To mentally multiply these together:

• first calculate AxC [6×4]
• this results in 24 to which 00 is appended, giving 2400
• we then calculate AxD and BxC [6×7, 8×4], add them together and append 0 to give 740
• this is added to 2400 to give 3140
• to complete the calculation, calculate BxD [8×7] and add the result of 56 to 3140
• so the answer is 3196

 Multiplying different three digit numbers together

When young, I became easily bored on car journeys. In those days most cars I saw on the road had three digit number plates, and I became grabbed by the idea of trying to multiply them together in my head.
What follows is the system that eventually evolved: my guess is that it will sound slightly odd, but it’s just an extension of the above really.
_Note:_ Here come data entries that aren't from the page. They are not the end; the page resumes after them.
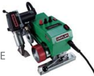
LEISTER UNIPLAN E

Baik penyelesaian dengan selongsong ataupun hanya tekukan biasa, kami hanya menggunakan alat pemanas terbaik di dunia untuk menjamin daya rekat.
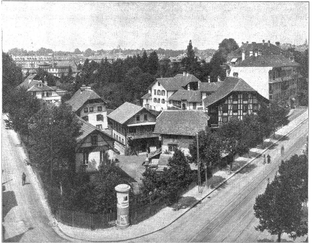
Gesamtansicht. Der hübsche Riegelbau rechts ist die Rösslimühle. Links aussen, etwas versteckt, das Kämpferhaus.

Nun sollen sie also den Forderungen der Neuzeit weichen, das Graveurstöckli, das Trödnehaus, die Rößlimühle, das rote Haus, das Calandrestöckli (einst Spezereistampfe), das Farbhaus und wie sie alle heißen. Wenn nur nicht an ihre
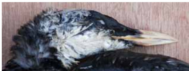
Volwassen zeekoet met opvallende geelwitte snavel ( Uria adamsii ) en sterk oranje gekleurde poten.

The visual elements of it made it simpler and quicker to use and I’ve stuck with this to the point that over the years it has become automatic and second nature.
Imagine two separate sets of numbers represented by A,B, C and D,E, F and imagine them set out in the following format
A B C
D E F
Now consider these actual numbers in those positions
389
764

To mentally multiply these together:

• first calculate AxF, BxE, CxD and add them together. This results in 123 to which 00 is appended..
  Now, at this point, the bored child imagined two fields next to each other with a fence separating them: the right hand field as you look at it is for chicken eggs, and the left hand field is for chicks: the last three digits of the first calculation [300] always occupies right hand field like so [012 ][300]
• We then calculate BxF and CxE, add them together and append 0 to give 860. This is added to the right hand field and as you can see, it will also increase  the number of chicks by 1 to 13 in the left hand field i.e. [013][160] ……….an egg hatched!
• To finalise and complete the number in the eggs field, calculate CxF and add the result [36] in as so [013][196] – and, at this point, the number in the right hand field is fixed and cannot change.
• And here is the very place to make an extremely important point. When people start experimenting with these sort of mental gymnastics, the question will usually arise as to how one can guarantee retaining the fixed part of the answer [196 in this one] whilst working on another part. The answer lies in storage and retrieval to and from memory using the Major System (see Pi Memorisation page). So, in this case, you could store the 196 egg number in a place in your memory as the image  Toy BuSH for example. It doesn’t need to make sense! – it just needs to be visual and bizarre enough to stay in your memory long enough before retrieving it. The more you practice storage and retrieval, the quicker and  easier it gets. 
• So then ,just carry on calculating the chicks…………. then when you have finished with the field of chicks, just reach back into your mind for the image you left in the field of eggs – because, trust me,  it will be there – and convert it back to numbers. With practice,  you will need to do this less  and less often for smaller numbers — though it is still a technique to retain for more complex calculations.
• Anyway – back to this calculation: we then calculate BxF and CxE, add them together to give 74. This is now added to the chicks in the left hand field like so: [087][196]. 
• Then finish everything by calculating AxD and append 0 to give 210 which is then also added to the chicks in the left hand field to give the final answer 297196.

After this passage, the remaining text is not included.